Saturday, November 26, 2005

Today was a little rough. This cold is really making Eli feel weak and bad compared to how much better he had been feeling. He rested all day today while me and the boys went looking for Christmas decorations. I'm hoping that by making the house seem festive it'll put us all in a better mood.

I finally got our portraits, from when we renewed our vows this summer, framed. I thought they turned out nice. It was kind of bittersweet to see all four of us in the picture. It was the first large portrait we ever had made as a family. A couple of years ago Eli told me he was afraid for us to take a picture like that because he thought it'd almost be like bad omen. It's amazing how so many comments that we have made to each other throughout our years together seem so poingant now. I can remember all the times I thought my life was too good to be true. Everything for us seemed to happen so reletively smoothly. We'd had our ups and downs, but truly no major challenges. And now this. Forgive me for sounding down, but right now, it's just how I feel. The look on Eli's face when I showed him our portrait today has me feeling sad. We received the DVD recording of our renewal ceremony a few days before Eli was hospitalized and I haven't even gotten up the nerve to watch it. It was such a special day our family.
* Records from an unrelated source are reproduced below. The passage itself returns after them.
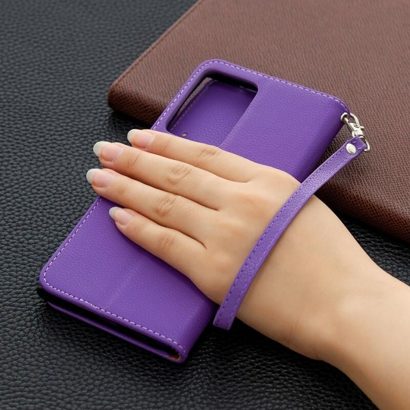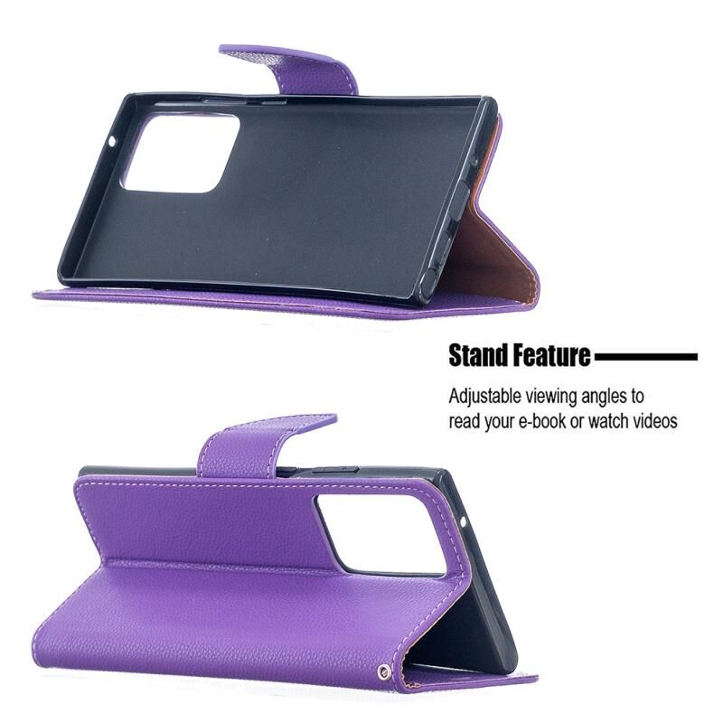 Για Samsung Galaxy Note20 Ultra Litchi Υφή καθαρό χρώμα οριζόντια Flip δερμάτινη θήκη με θήκη & υποδοχές για κάρτες & πορτοφόλι & κορδόνι (μωβ)
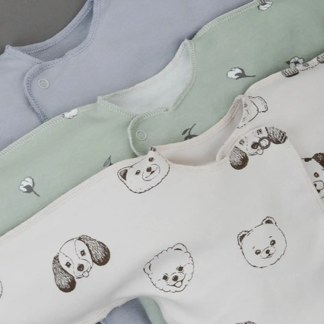 Три милых распашонки разных цветов, оснащённые удобными кнопками для удобной и быстрой смены одежды.
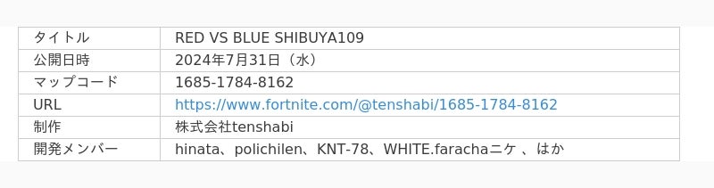 株式会社tenshabi(本社:千葉県松戸市、代表取締役:溝口 新平/以下、tenshabi)は、株式会社SHIBUYA109エンタテイメント(本社:東京都渋谷区、代表取締役社長:石川 あゆみ/以下、SHIBUYA109エンタテイメント)とのコラボレーションで、全世界5億人以上のユーザーを誇る世界的人気ゲーム「Fortnite」 にて、2つのチームに分かれて対戦を行うオリジナルゲームマップ「RED VS BLUE SHIBUYA109」を、2024年7月31日(水)にリリースいたしました。

While I was typing this little message I went back through some files on this computer and found a couple of pics from that day. Seeing them is actually making me feel a little better. I guess I just needed a little reminder of how special our relationship is. Lord knows I love this man so much. Everything's going to be okay. I just has to. Please continue to keep us lifted in prayer, as you can see, it's needed. Let me go downstairs and check on him and go get some rest. Thanks for reading my ramble. Kimberly

1 comment:

Anonymous said...

Kim,

From what I can see in the pictures you look beautiful and Eli is very handson. Taking the portrait may be an omen, however a good one. The picture will always be a reminder of how much you are blessed and give you a goal to cherish every moment and love each other as much, if not more, than you did when that picture was taken. This and the grace of God will get you through the tough times. I know sometimes we give advice without truly understanding what you are experiencing. I can't begin to imagine how you are feeling and the emotional roller Coster you are on, however please understand any words expressed (because words and actions are all we have) are said in the most sincere way. We will always pray. Thanks for keeping us updated.